I've been able to detect pupil and the eye corners accurately so far. You can see a few snaps i uploaded in my answer to my own question here:
Performing stable eye corner detection
Here's what i've done so far. I calibrated the gaze of the user by looking at TLCP, TRCP and BLCP where
CP = calibration point; a screen point used for calibration
B = bottom
T = top
L= left
R = right
gaze_width = TRCP.x - TLCP.x
gaze_height = BLCP.y- TLCP.y
And the corresponding gaze points i get by looking at those CPs are called GPs
calculation of a gaze point GP:
I subtract the TLGP's ordinates' values from the current pupil center's location, because the gaze point has to fall in the hypothetical rectangle whose i hope you understand it, its really very simple.
I've linearly mapped the gaze points calculated from pupil center's location to screen points using a basic scaling system where the scales are calculated as follows:
scaleX = screen_width/gaze_width
scaleY = screen_height/gaze_height
And for any gaze point P(x,y) i calculate the corresponding screen point Q(m,n) as:
m = scaleX*x
n = scaleY*y
But the problem is, after even almost perfect pupil detection (almost because in poor lighting it gives false positives. But i intend to put that under limitations because i can't work on it, i don't have enough time), i'm still getting poor gaze width and gaze height.
Here's a test run log:
DO_CAL= True
Gaze Parameters:
TLGP = (38, 26) | TRGP = (20, 22) | BLGP = (39, 33)

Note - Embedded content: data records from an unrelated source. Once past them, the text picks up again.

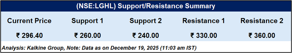 LGHL is trading at ₹296.40 and remains above its 200 periods simple moving average(SMA), reflecting a steady long-term trend. The stock shows nearby support around ₹260 and ₹240, which mark important reference levels. On the higher side, ₹330 and ₹360 stand out as key price points to watch.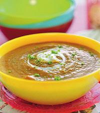 Tomat- och kokossoppa med chili och linser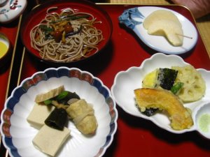 Dinner:Soba (buckwheat noodles) with mushrooms, pears, vegetable tempura, stuffed tofu, koyadofu (dried tofu), konbu seaweed

screen height = 768 screen width = 1366
gaze height = 7 gaze width = 18
scales: X = 75.8888888889 | Y = 109.714285714
Thing on = True
Gaze point = (5, 3)
Screen point: (987, 329)
Gaze point = (5, 3)
Screen point: (987, 329)
Gaze point = (7, 5)
Screen point: (835, 549)
Thing on = False
TLGP = (37, 24) | TRGP = (22, 22) | BLGP = (35, 29)
screen height = 768 screen width = 1366
gaze height = 5 gaze width = 15
scales: X = 91.0666666667 | Y = 153.6
Thing on = True
Gaze point = (12, 3)
Screen point: (1093, 461)
Gaze point = (12, 3)
Screen point: (1093, 461)
ESC pressed
Just look at the gaze points and their corresponding gaze-detected screen points (under them). The vast differences in x,y ordinates' values is bugging me nuts. Monday is the final presentation.

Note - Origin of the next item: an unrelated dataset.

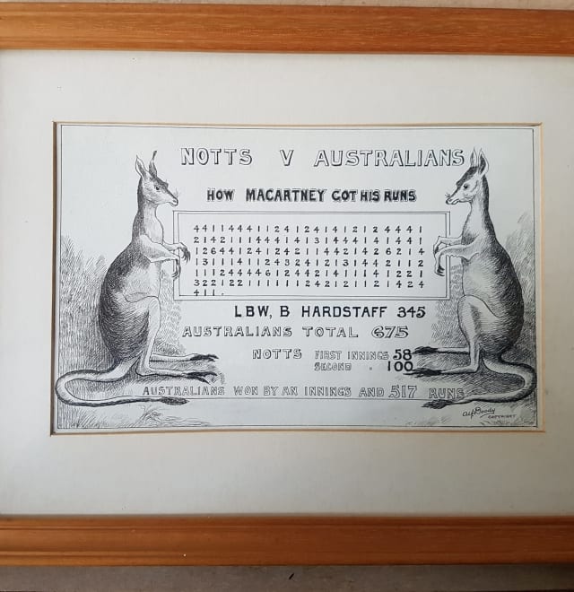 Ironically, had George Gunn held that slip catch it would have made very little difference to the outcome of the match as the Australians racked up 675 runs and the home side, no doubt demoralised by Macartney’s treatment, subsided to just 58 and 100 to lose by an innings and 517 runs, still (we’re relieved to say) the biggest defeat in the club’s history.

After this approach, i theorized another one where in:
Calibration is done as in the first method. I would detect the motion of the gaze, and its direction. Say, given any two points of pupil center’s location, P and Q, where P is the first gaze point, Q is the second, then we calculate the direction and length of the line PQ.
Let’s assume that the length of this line segment is L. We then scale L to screen proportions, say L is D in screen scale, and given the direction of gaze movement, we move the cursor on the screen from its last point of rest, say R, D distance, to a new point S which will be calculated as the end point of the line segment whose length is D, and starting point S. The figurative representation is given in the figure. Thus basically, i don't map any gaze data to screen point, i basically track the gaze, and convert it into a "push" to be applied to the cursor on the screen. But i haven't implemented it yet. Because it actually doesn't map the gaze to screen co-ordinates, and thus might be erroneous. Motivations for this theory were derived from the eViacam project on sourceforge - they basically track your face, and move the mouse accordingly. In calibration they just calculate how much your face moves along the axes.
Bottom line: So if any of you have any ideas of how to detect a user's gaze from a perfectly processed eye image - one with a detected pupil center and eye corners, please do tell! I've got just about a day, and i know its late, but i just need any magical idea that can help me.